Part II: OS/2 "Warp"

At a particular IBM meeting in the Fall of 1995, one of the executives at O&M (IBM’s advertising agency) presented IBM’s next stage marketing campaign (The infamous Nuns ads and other solutions for a small planet ads).  Once he asked if there were any questions I quickly raised my hand…

Now before I tell you what my question was, I want to make clear that up to this point I had never “burned” any bridges with anyone at IBM.  My question though quickly set flame to one of my bridges with PSP…

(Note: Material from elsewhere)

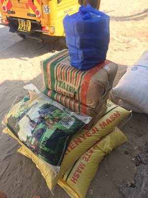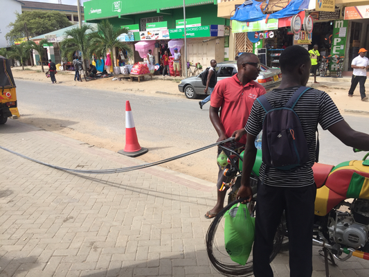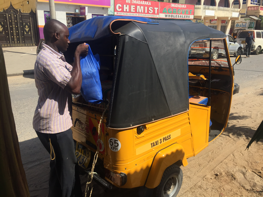 Only two more days left we wanted to make the most out of them, so tried to start really early today. We had arranged that our motor bike driver pikes us up at 8:30am to take us directly to the village to see if the new fundis were doing their job and if everything else was fine. Shortly after seeing that they were proceeding we left for to go to the school, but neither the nursery was open to see our new kids we were supporting now nor the head master was available to get the receipts, so we took of to the hardware store in town to get the rest for Mamarehema. We got our things really quickly since the owner Taher, we met the previous night, had already prepared everything. We took the materials by motor bike to Mamarehema‘s place and sat a while with her.

In front of some of IBM’s top customers, I asked “Those Warp 3 ads with the surfer people…what exactly were you thinking?”  The O&M guy responded “We wanted to show that OS/2 was hip and cool to use.” I said, “Well, who exactly are you targeting? Are you trying to imply to the 15 year old market segment that if they use ‘Warp’ that they’ll get beat up less at school?  You could have shown how OS/2 was a good and beautiful OS that increases productivity but instead wasted the advertising campaign promoting OS/2 as something you use after surfing!”  At that point, the IBM customers laughed and then applauded for they felt the same way.   I knew my question would stir trouble but after seeing all the posts and meeting all the OS/2 users who were frustrated at how poorly the USA Warp 3 marketing campaign was launched, how could I not seize the opportunity to bring this up to the specific people responsible for those horrible ads?  It turned out that the presenter was one of the actual people who came up with them.  Ironically, my question helped cement the Stardock/Vobis pre-load agreement since they felt the way I did.  It should be noted that we are talking about the USA OS/2 ads.  The European ads were quite good.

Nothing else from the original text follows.